I’m trying to compute the GFM_StellarPhotometrics field — in particular mag_b — for each star particle at any snapshot in the same way as TNG does, using the BC03–based method described in this thread. I generate the table using the def makeStellarPhotometricsHDF5_BC03() function and then interpolate over it.

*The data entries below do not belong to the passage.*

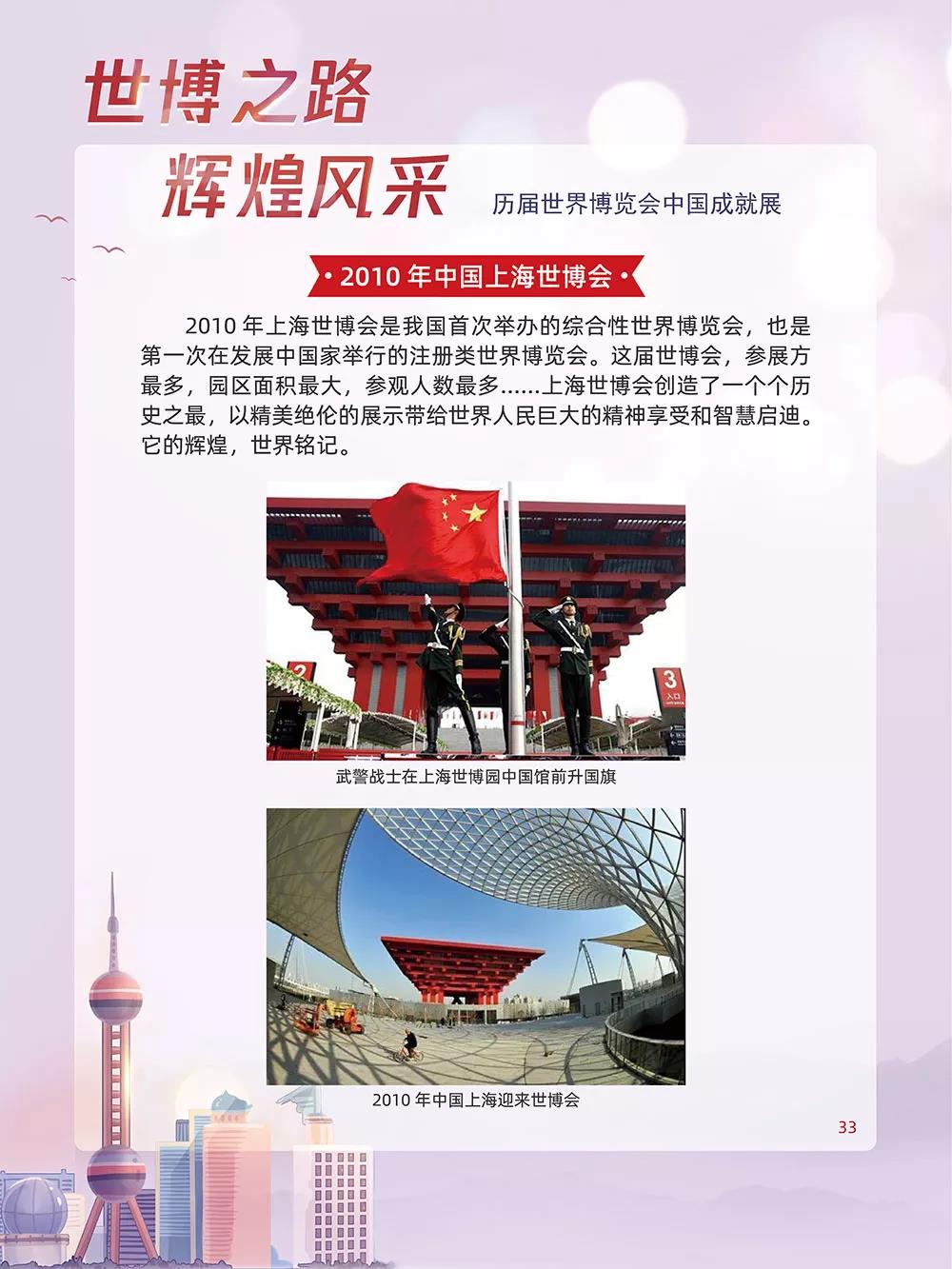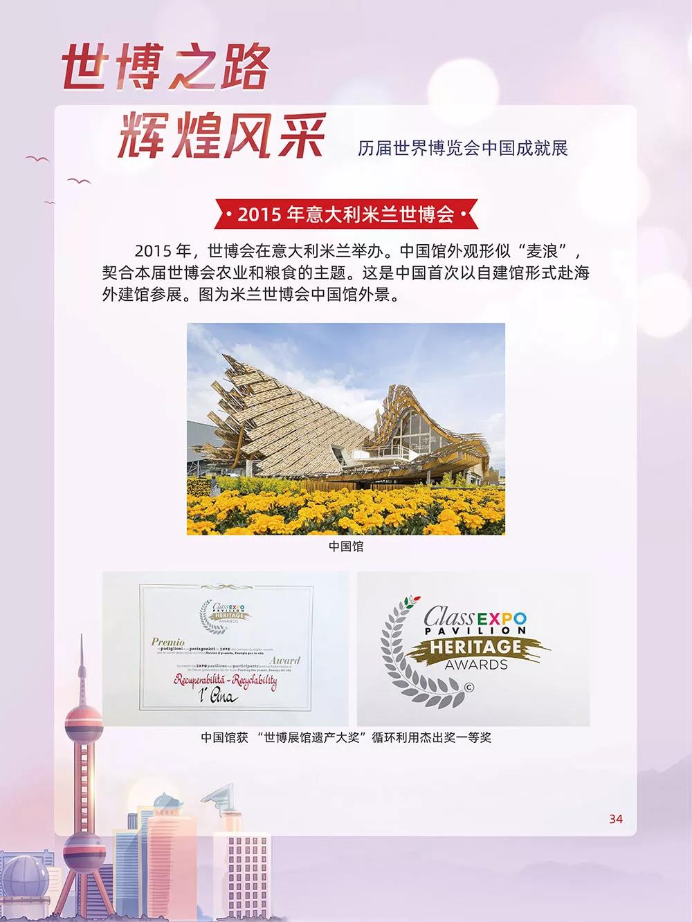 世博会上各个国家的展馆是记录一个国家发展和进步的“书签”。历史上亮相的中国馆,在不同的历史背景条件下,以建筑、景观和室内展厅的载体与方式,一次次演绎和定格着东方大国的国际视觉形象,传播着关于中华文明的信息,也为完善世博格局与促进国际交流作出自己的贡献,留下了中华民族独特的世博轨迹。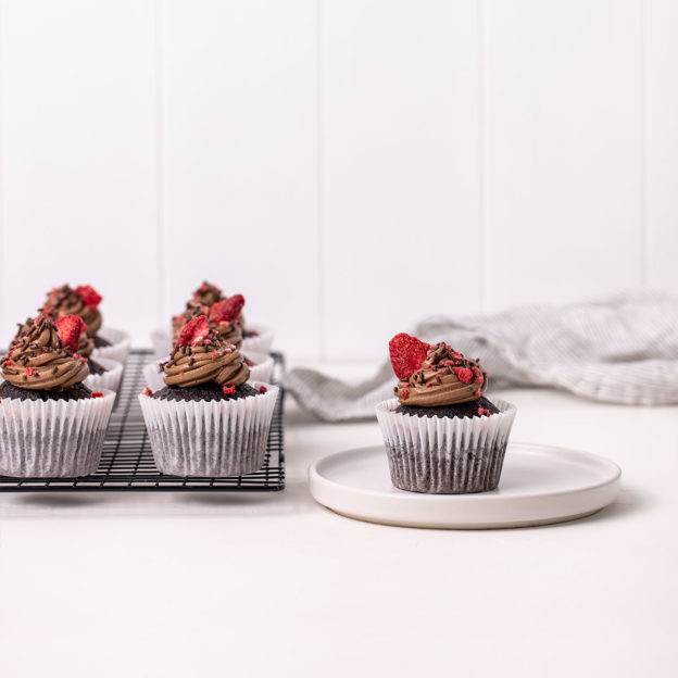 - Once the cupcakes are cold. Pipe or spread with the buttercream. Decorate with freeze dried raspberries or chocolate chips. These are best made and served the same day.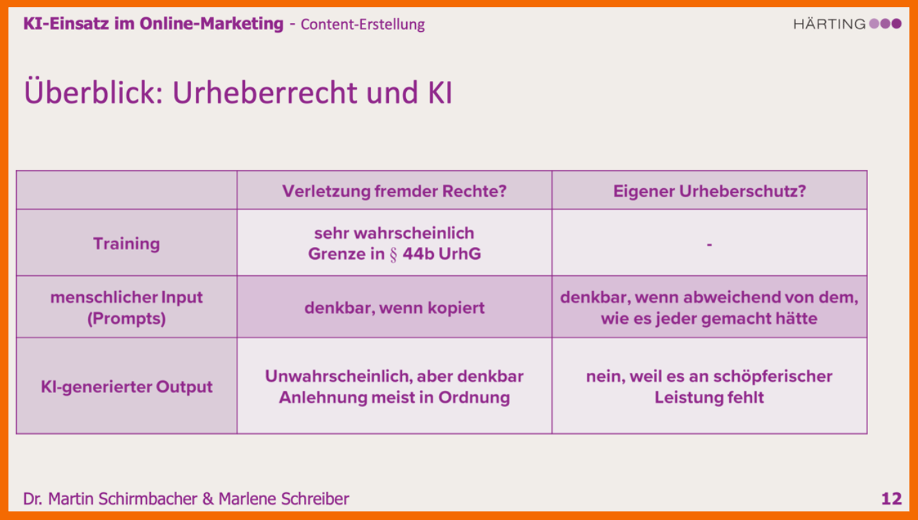 Schauen wir uns erst einmal an, welche rechtlichen Aspekte bei der Nutzung einer KI wie beispielsweise ChatGPT in Deutschland berührt werden. Marlene Schreiber und Dr. Martin Schirmbacher von der Rechtsanwaltskanzlei HÄRTING haben uns im Rahmen ihres Vortrags auf der SMX einen guten Überblick gegeben: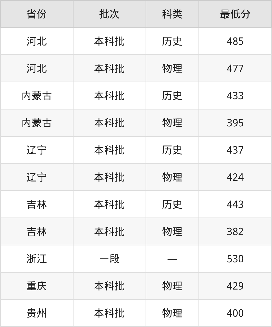 沈阳工学院网络与新媒体专业在全国各省最低录取分数线为382分(吉林物理类),除此之外,在其余地区的最低分为浙江530分、重庆物理类429分、贵州物理类400分、河北物理类477分等,以上数据均为2025年数据,供2026年高考生参考。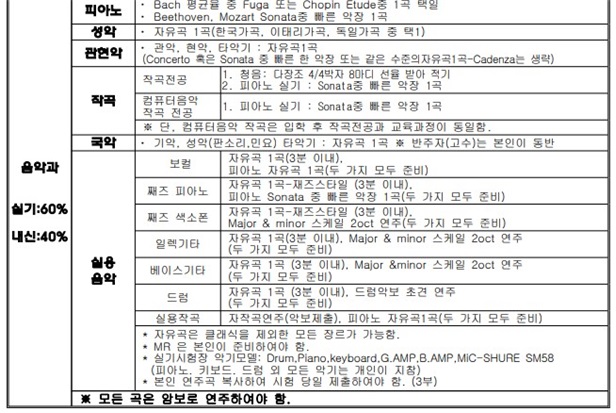 참고로 음악의 경우는 서양음악의 이론 및 실기법을 따르기 때문에 오히려 역사, 언어, 문화 등의 교육은 일반중학교, 고등학교보다 더 높은 수준의 교육을 받을 수 있습니다.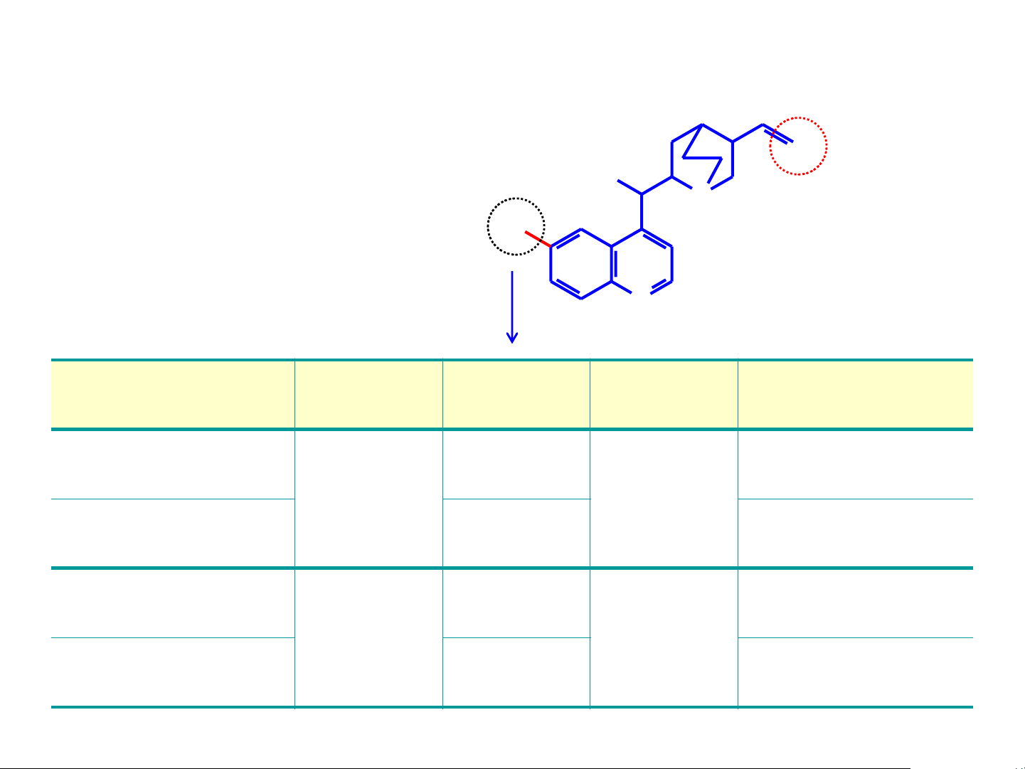 Thành phần hóa học (2) 1. Các alkaloid HO 9 8 N 1.1. alkaloid quinolin* exo-methylen R N alkaloid C* R C* alkaloid l-quinin OMe d-quinidin 8S, 9R 8R, 9S l-cinchonidin H d-cinchonin d-epiquinin OMe d-epiquinidin 8S, 9S 8R, 9R epi-cinchonidin H epi-cinchonin 12

As a test case I’m using the subhalo with SubfindID = 10 at snapshot 99, but I can’t reproduce the same values stored in the TNG50 simulation.
My code:
import h5py
import numpy as np
from scipy.interpolate import RegularGridInterpolator
from scipy.interpolate import RectBivariateSpline
import illustris_python as il
import CosmoCal as CC
basePath = '../sims.TNG/TNG50-1/output/'
h = 0.6774
# ==========================
# load table BC03
# ==========================
with h5py.File("stellar_photometrics.hdf5", "r") as f:
logZ_grid = f["LogMetallicity_bins"][:]
logAge_grid = f["LogAgeInGyr_bins"][:]
# SSP mags_B normalized to 1 Msun
mag_B_grid = f["Magnitude_B"][:]
# ==========================
# Interpolator 2D (logZ , logAge) -> mag_B
# ==========================
interp_B = RegularGridInterpolator((logZ_grid, logAge_grid), mag_B_grid, bounds_error=False, fill_value=None)
# ==========================
# Stars at Snap 99 for galaxy SubfindID = 10
fieldsPart = ['Masses', 'GFM_StellarFormationTime','GFM_StellarPhotometrics','GFM_Metallicity','GFM_InitialMass']
subfindID=10
Snap=99
partSH=il.snapshot.loadSubhalo(basePath, Snap, subfindID , 'stars', fields=fieldsPart)
agea = partSH['GFM_StellarFormationTime']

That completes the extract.